When Clients Don’t Respect You

Hannah Nearpass
4 min readFeb 15, 2022

What a place to find yourself in when you are on the receiving end of an unbalanced relationship. It’s true if you are in a client, service provider relationship and you are the service provider, you are expected to serve your client. To serve means to be others-serving, to help others, to be useful to others, to supply others, and to do it all for the gain and good of the recipient not for self-gain or ego.

When you do a good job at serving your clients and you make yourself irreplaceable, clients tend to rely on you, depend on you, and more often than not, take you for granted. They see the outcome and not the input. Just like when a customer buys a new laptop or someone watches a movie, they don’t see all of the heavy lifting, leg work, time and effort invested on the back end. When a client forgets to acknowledge the efforts that are poured into a final product, a slippery slope paved with a bunch of small inconveniences unravels quickly and when added up, it makes a big impact on the relationship.

The client, service-provider relationship oftentimes includes a scope of work that is meant to protect your (the service providers) time and bandwidth. Boundaries are set up to keep the relationship professional, on course and fruitful. When you find yourself in a happy relationship, the client can trust you more. With more trust, comes more responsibility. Which is a great thing!! So long as there is compensation and time to account for that new responsibility –– otherwise we are dealing with good, old-fashioned scope creep.
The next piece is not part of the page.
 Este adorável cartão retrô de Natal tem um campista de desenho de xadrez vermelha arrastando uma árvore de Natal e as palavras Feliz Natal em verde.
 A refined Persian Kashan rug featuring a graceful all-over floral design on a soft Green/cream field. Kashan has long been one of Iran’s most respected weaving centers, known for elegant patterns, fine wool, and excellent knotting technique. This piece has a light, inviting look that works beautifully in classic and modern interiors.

Scope creep happens when clear boundaries and milestones are not established early on in the relationship. If a task is too broad than there is cause for caution. It usually starts small, almost unrecognizable and then you find yourself drowning in a deep in a scope of work that has been stretched in every direction. Scope creep looks like growth that is out of control. Whether it be an initially small task transformed into a multi-prong campaign or a project manager now wearing ten different hats; it’s generally harmful and impedes productivity. Beware the scope creep.
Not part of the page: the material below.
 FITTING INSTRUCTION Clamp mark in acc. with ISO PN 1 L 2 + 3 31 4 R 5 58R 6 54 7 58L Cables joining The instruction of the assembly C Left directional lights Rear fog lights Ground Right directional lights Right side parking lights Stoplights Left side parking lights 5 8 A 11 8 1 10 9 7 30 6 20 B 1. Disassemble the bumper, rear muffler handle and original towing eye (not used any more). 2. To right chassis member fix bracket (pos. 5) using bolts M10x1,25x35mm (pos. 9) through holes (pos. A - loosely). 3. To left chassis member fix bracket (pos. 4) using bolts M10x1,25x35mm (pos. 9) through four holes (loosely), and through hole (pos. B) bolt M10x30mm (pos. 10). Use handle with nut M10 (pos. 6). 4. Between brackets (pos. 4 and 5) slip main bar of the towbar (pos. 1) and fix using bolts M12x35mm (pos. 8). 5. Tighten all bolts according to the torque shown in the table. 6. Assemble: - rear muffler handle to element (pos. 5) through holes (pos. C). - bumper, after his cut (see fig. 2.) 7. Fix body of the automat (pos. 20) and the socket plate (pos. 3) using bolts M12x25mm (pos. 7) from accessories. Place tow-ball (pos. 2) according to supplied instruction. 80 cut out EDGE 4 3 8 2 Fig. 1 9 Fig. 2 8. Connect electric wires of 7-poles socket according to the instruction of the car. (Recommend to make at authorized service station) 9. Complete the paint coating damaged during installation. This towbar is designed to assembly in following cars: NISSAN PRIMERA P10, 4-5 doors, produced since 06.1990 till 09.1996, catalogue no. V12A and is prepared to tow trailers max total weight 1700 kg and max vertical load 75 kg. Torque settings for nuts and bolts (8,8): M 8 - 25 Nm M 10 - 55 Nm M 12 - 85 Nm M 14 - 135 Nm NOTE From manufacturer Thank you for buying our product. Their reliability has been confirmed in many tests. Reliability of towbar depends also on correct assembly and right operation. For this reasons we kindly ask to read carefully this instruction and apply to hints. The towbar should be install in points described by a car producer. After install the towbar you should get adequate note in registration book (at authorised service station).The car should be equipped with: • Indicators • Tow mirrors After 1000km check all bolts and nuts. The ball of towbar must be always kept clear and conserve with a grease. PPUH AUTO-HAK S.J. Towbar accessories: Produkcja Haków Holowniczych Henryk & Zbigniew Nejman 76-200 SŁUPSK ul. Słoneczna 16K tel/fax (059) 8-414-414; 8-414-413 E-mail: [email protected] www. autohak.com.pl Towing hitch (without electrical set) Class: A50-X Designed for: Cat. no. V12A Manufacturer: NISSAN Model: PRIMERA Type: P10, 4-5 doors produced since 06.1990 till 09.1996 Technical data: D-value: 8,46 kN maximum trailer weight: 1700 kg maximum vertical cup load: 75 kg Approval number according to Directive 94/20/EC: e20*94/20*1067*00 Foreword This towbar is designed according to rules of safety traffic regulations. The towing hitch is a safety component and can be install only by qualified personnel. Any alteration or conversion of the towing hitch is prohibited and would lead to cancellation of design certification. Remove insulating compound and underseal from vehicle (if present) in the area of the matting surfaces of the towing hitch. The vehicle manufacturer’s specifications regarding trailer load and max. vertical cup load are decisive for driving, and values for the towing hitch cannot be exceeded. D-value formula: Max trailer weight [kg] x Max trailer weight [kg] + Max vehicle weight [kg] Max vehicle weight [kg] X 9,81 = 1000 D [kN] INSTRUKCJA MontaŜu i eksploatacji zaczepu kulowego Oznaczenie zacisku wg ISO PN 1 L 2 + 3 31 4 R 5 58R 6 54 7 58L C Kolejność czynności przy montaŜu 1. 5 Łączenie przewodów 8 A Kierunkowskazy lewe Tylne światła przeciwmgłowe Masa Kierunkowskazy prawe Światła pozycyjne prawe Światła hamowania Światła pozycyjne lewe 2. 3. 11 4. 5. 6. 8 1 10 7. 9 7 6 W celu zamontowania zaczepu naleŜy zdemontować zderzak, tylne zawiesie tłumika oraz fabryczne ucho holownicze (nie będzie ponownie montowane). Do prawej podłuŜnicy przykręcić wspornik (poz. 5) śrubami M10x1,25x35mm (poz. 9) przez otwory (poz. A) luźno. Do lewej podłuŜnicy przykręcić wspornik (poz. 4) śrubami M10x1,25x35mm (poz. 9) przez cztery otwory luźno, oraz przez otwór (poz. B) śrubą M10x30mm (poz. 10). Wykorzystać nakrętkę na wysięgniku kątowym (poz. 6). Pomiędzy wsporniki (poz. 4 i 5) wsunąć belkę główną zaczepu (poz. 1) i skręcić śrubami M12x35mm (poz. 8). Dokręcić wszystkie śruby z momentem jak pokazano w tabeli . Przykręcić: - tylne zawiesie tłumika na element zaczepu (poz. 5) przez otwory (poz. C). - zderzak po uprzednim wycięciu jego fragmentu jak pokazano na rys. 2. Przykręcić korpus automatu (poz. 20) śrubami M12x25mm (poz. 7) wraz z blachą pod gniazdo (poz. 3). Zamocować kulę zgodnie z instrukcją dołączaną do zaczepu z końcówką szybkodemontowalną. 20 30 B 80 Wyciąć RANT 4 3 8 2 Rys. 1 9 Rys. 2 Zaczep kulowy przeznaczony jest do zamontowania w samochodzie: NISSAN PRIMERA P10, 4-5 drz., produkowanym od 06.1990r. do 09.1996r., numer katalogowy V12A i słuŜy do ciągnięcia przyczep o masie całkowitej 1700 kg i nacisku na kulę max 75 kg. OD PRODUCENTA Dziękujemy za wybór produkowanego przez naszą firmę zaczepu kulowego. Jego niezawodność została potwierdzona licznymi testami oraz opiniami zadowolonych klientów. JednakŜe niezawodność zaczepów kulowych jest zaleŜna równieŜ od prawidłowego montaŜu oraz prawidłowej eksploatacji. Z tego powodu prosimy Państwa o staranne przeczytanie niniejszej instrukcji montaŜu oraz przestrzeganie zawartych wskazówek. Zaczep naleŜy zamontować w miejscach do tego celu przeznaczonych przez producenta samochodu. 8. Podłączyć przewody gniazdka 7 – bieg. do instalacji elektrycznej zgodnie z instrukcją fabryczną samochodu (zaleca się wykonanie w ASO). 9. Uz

There are other issues that can take shape as a byproduct of playing an irreplaceable part in the success story of a client. Sometimes, service providers can become like an unspoken extension or member of their client’s team which can also be quite tricky to navigate. Client’s forget to acknowledge that their marketing partner or outsourced agency is just that: outsourced, a separate entity. These blurred lines can result in inappropriate offline communications, lack of consideration for professional and personal boundaries, and in some of the worst cases, manipulation.
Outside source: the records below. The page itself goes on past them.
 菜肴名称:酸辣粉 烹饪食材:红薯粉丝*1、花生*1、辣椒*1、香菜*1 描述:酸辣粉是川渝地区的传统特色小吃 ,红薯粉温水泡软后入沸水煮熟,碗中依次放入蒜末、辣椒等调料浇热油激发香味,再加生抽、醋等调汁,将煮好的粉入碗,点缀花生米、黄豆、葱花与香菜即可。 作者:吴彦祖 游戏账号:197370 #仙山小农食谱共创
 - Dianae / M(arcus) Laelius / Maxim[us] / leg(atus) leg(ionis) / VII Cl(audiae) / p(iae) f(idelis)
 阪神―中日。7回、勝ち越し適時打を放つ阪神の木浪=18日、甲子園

Here is an example of the worst case scenarios (which can take on many forms):

Call scheduled for 9:30am: Email Marketing Strat Call

*9:29am email: *Calendar invite* ‘Hey! Can we move our call to 10:00’
(the implication is that you’re available and your time is not as valuable as they perceive their own to be)

*Cycle repeats on rolling, weekly basis based on the scheduling convenience of one party (the client) and at the inconvenience of another (the service provider)*

Now, I should preface that life happens, things come up, people are not always going to be available and I highly recommend that people account for that; however, if it becomes routine for a client to treat you with inconsideration and low in priority, than that is a problem that needs correcting. If someone does not know how to respect you or your time, teach them.

How do you teach someone to respect you and your time? I am sure if you were to Google this you would find 20+ articles that would tell you that ‘you deserve it’ ‘your worth it’ when really, we are past that point. We know this. Our work validates our time and efforts. So, the way you do it is by simply setting an example. Showcase how valuable your time and efforts are to you in your behavior and in your day-to-day interactions. Leverage proper time management and scheduling skills, set reminders, draw hard boundaries and respect them, speak up and be considerate, allow people to save face and give them escape routes when needed. In short, be the bigger person.

You were told once to treat others the way you want to be treated. This was and forever will be a golden rule. So lead by example and make your parents proud by honoring their wisdom. If you have expectations for how you should be treated, and you should, be uncompromising in them and the way you do that is by paradoxically treating them they way that you expect to be treated. In this way, you are teaching them how to respect you and you will reap what you sow. It may require patience, but the juice is worth the squeeze.